The Tennessee Three: Did Protests Go Too Far? (From the Right)

By Don Schmitz

In Tennessee, three legislators helped organize and participate in a demonstration by hundreds calling for gun control, chanting and screaming in the halls outside the Senate and House Chambers. Two Democrat lawmakers shut down proceedings in the House when they began yelling through a bullhorn inside the chamber “Power to the people.” Obviously, legislative bodies can’t function this way (which is the goal of the agitators), and every elected official is briefed on the rules of decorum when they take the oath of office.
Appropriately, Rep. Justin Pearson and Rep. Justin Jones were expelled from the legislature, with Rep. Gloria Johnson narrowly escaping expulsion because she didn’t use the bullhorn and only stood next to them.

Predictably, the left is claiming racism because Pearson and Jones are black. Worse, they are claiming that the expulsions are “undemocratic.” Former President Obama tweeted: “What happened in Tennessee is the latest example of a broader erosion of civility and democratic norms. Silencing those who disagree with us is a sign of weakness, not strength, and it won’t lead to progress.” Ironic in that shouting down the legislature with a bullhorn is the quintessential erosion of civility and democratic norms, designed to silence those they disagree with. I thought he was more astute than that.

Not to be outdone President Biden stated, “Rather than debating the merits of the issue, these Republican lawmakers have chosen to punish, silence, and expel duly-elected representatives of the people of Tennessee.” How exactly does anyone debate merits while someone is shouting through a bullhorn? Biden is so supportive of their boorish behavior he invited them to the White House.

This has become du jour in our country. In February 2011, tens of thousands of demonstrators occupied the Wisconsin Capitol for a month, protesting Gov. Scott Walker’s push to strip public employee unions of collective bargaining rights. Was it labeled an “insurrection,” or rightfully identified as illegal and thwarting the legislative process? Some reporters called it an exciting exercise in worker’s rights.

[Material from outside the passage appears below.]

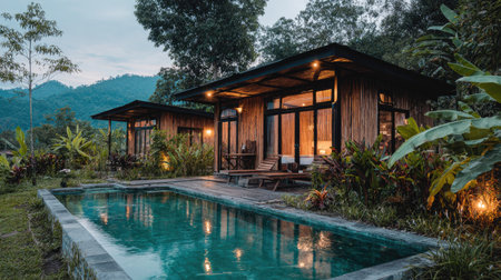 Two modern wooden cabins feature large windows and a rectangular pool reflecting the surrounding environment. The composition highlights the structures within a green landscape. The image evokes a sense of tranquility and could be suitable for architectural, travel, or lifestyle content.

In October 2011, up to 300 protesters occupied the California Capitol rotunda making demands for more funding for education. In 2018 during the Justice Kavanaugh confirmation hearings, 177 shouting protesters were arrested and removed from the U.S. Senate chamber. In 2020 protestors tried storming the Oregon Capitol, demanding an end to COVID restrictions. On Jan. 6, 2021, hundreds of Trump supporters broke into the U.S. Capitol, shutting down Congress and keeping it from certifying the 2020 presidential election. Just last Wednesday protestors were removed from the Colorado legislature chambers for shouting down deliberations.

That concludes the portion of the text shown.